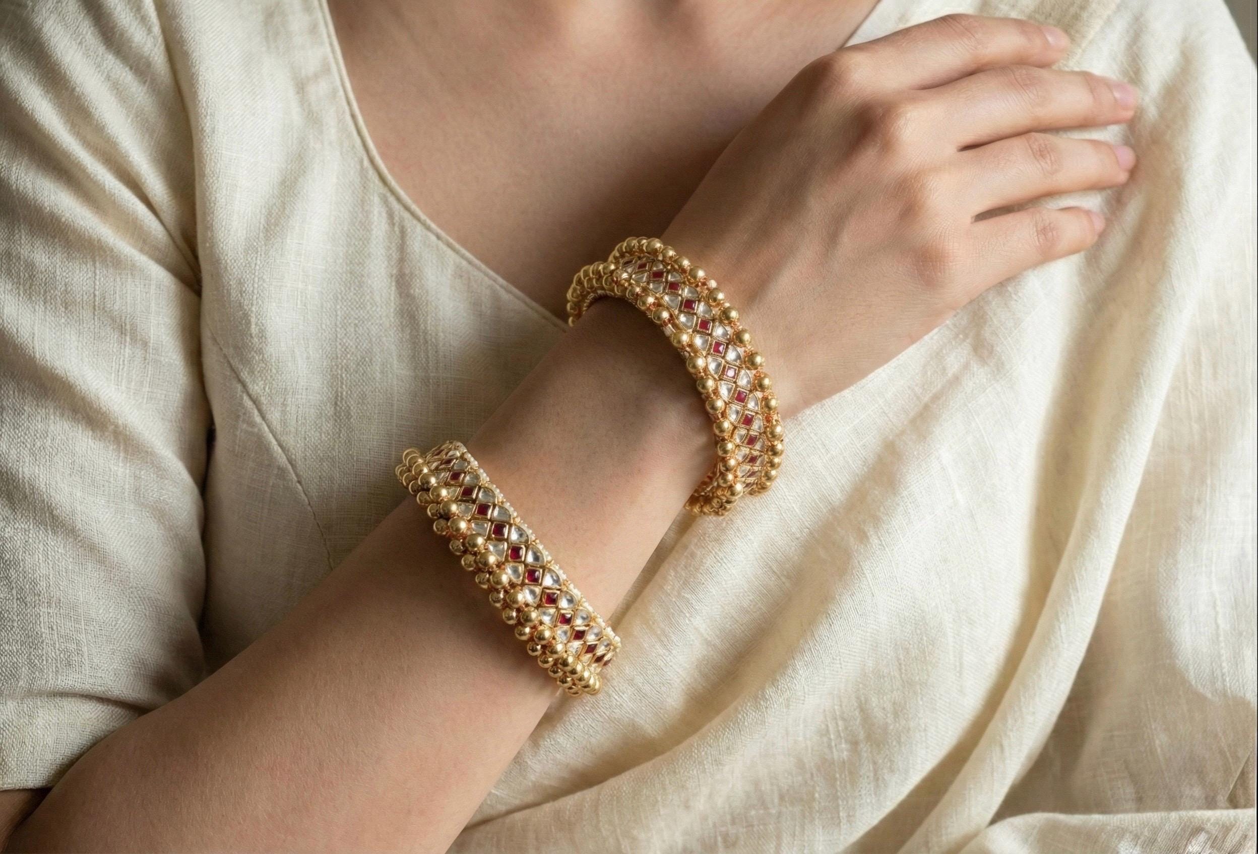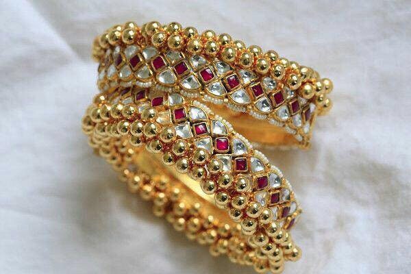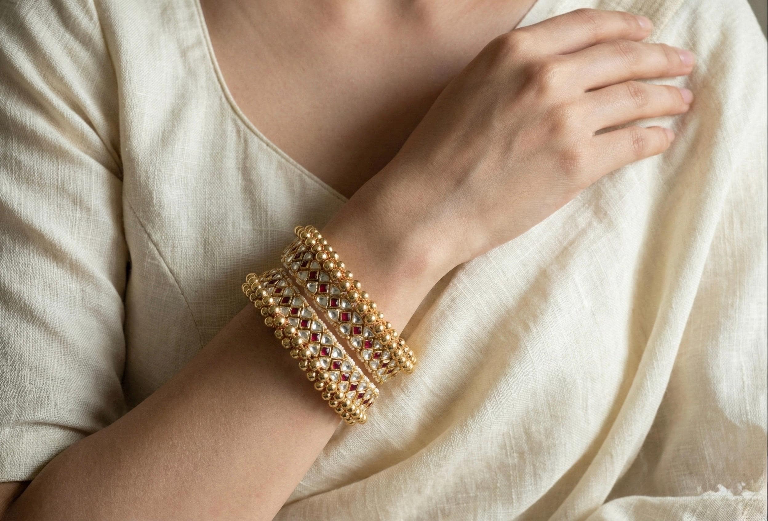 • 22k Gold Plated Kundan Bangles perfect for Wedding Occasion as well as Gift and Bridal wear to match with Wedding Outfits.
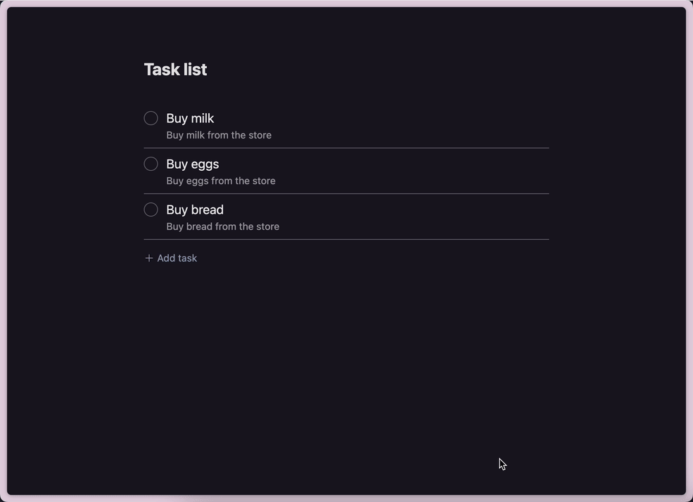 });This schema defines a tasks table with drizzle-orm so that you can access the table with type safety.
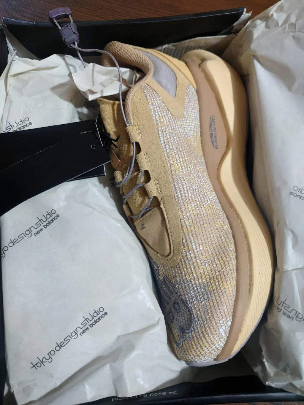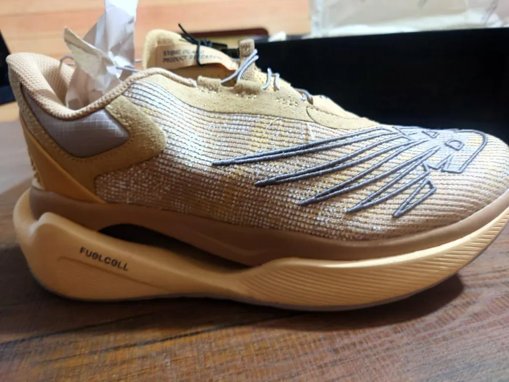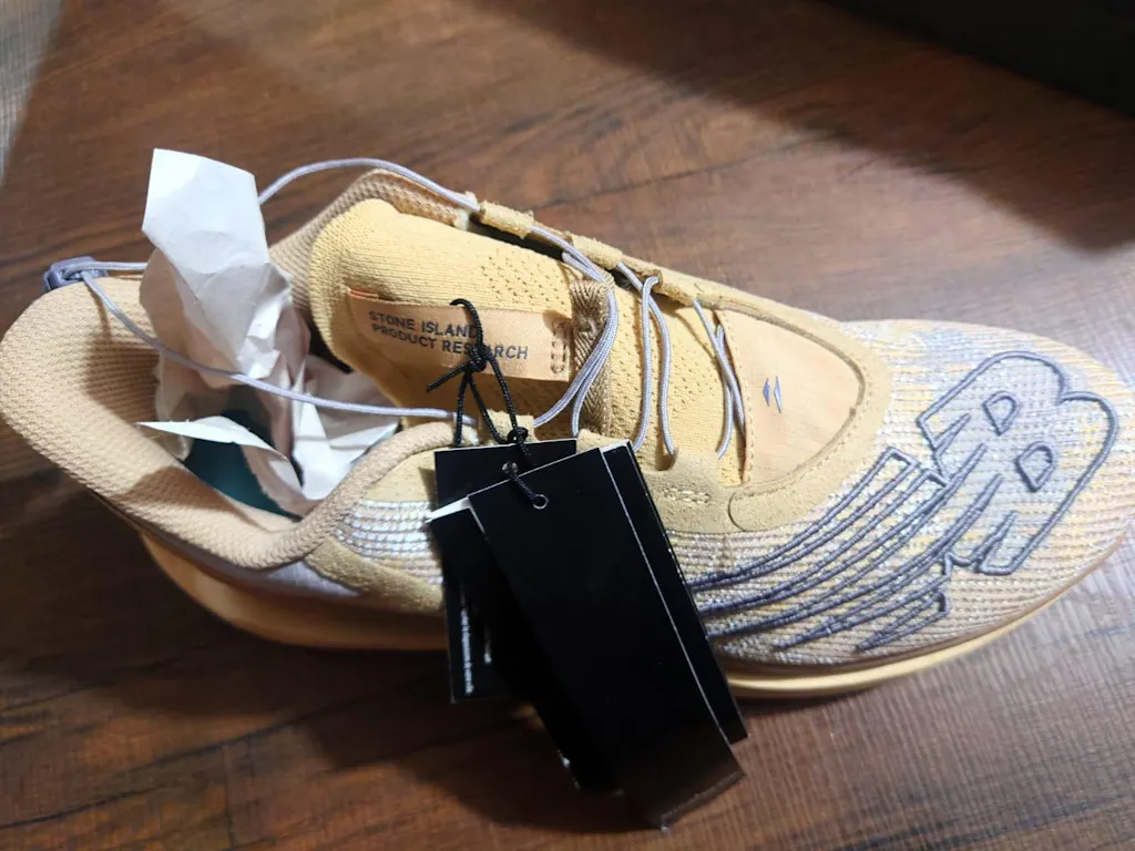 The NB X Stone Island Fuelcell C1 "Tan" is a high-performance running shoe collaboration with Stone Island and Tokyo Design Studio. Made with sustainable materials, the upper boasts a subtle camouflage pattern inspired by Stone Island's archives. A magnetic speed lacing system provides convenience, while the bulky FuelCell midsole and carbon fiber plate offer responsive cushioning and support.
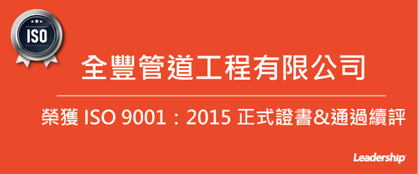 在領導力企管專業顧問輔導下,全豐管道工程有限公司 已順利完成 ISO 9001品質管理系統(ISO 9001:2015 Quality Management Systems)的教育訓練(Training)、系統建置(Implementing)、外部稽核驗證(Certification)3大實施流程,順利取得 ISO 9001 :2015 品質管理系統證書。
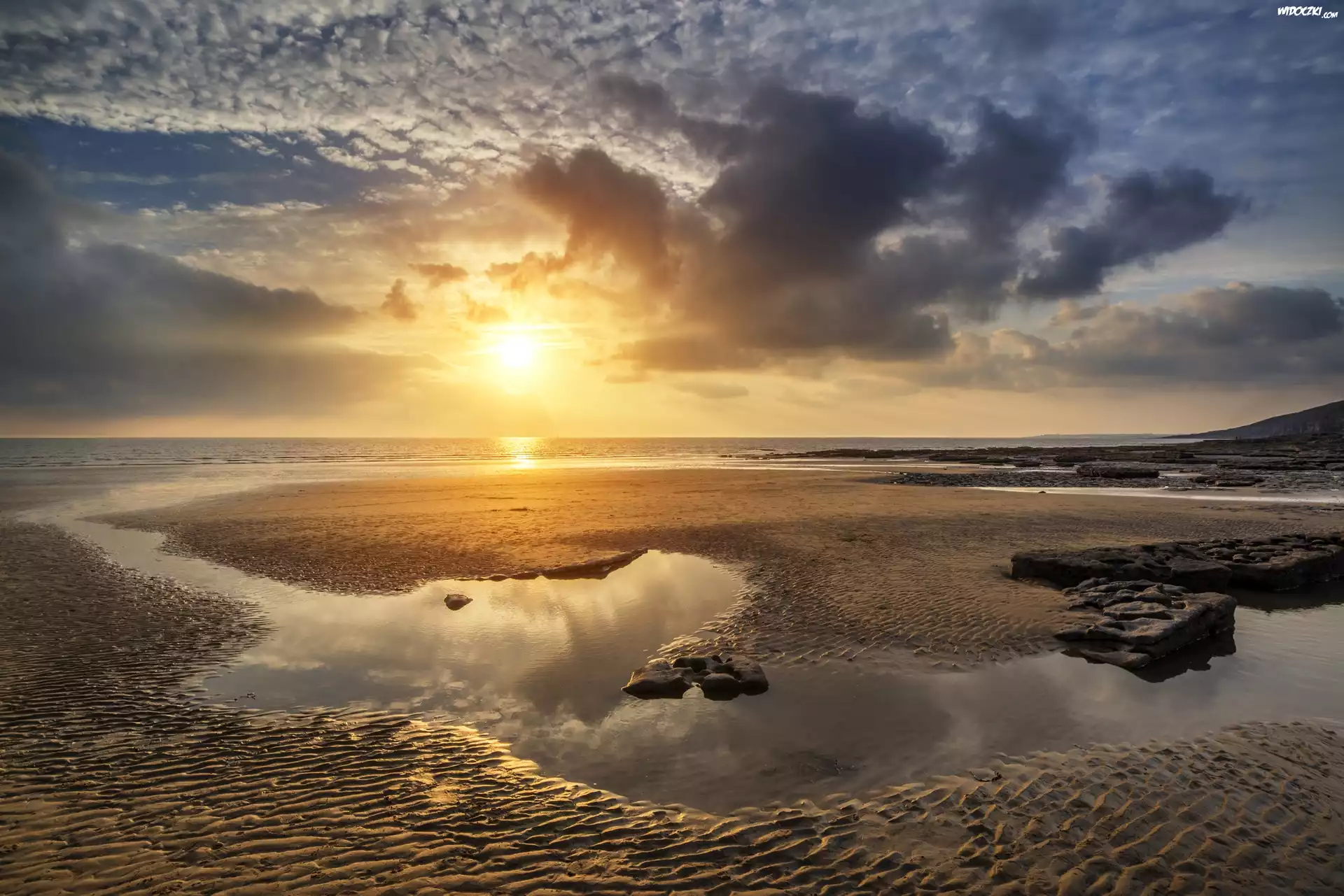 Zdjęcia, Plaża Dunraven Bay, Walia, Morze, Zachód słońca

______________________________

**EXERCISE DESCRIPTION:**
Exact copy, pictures excluded: print only the lines from the line containing "The NB X Stone" through the end of the records.

**TASK RESPONSE:**
 The NB X Stone Island Fuelcell C1 "Tan" is a high-performance running shoe collaboration with Stone Island and Tokyo Design Studio. Made with sustainable materials, the upper boasts a subtle camouflage pattern inspired by Stone Island's archives. A magnetic speed lacing system provides convenience, while the bulky FuelCell midsole and carbon fiber plate offer responsive cushioning and support.
 在領導力企管專業顧問輔導下,全豐管道工程有限公司 已順利完成 ISO 9001品質管理系統(ISO 9001:2015 Quality Management Systems)的教育訓練(Training)、系統建置(Implementing)、外部稽核驗證(Certification)3大實施流程,順利取得 ISO 9001 :2015 品質管理系統證書。
 Zdjęcia, Plaża Dunraven Bay, Walia, Morze, Zachód słońca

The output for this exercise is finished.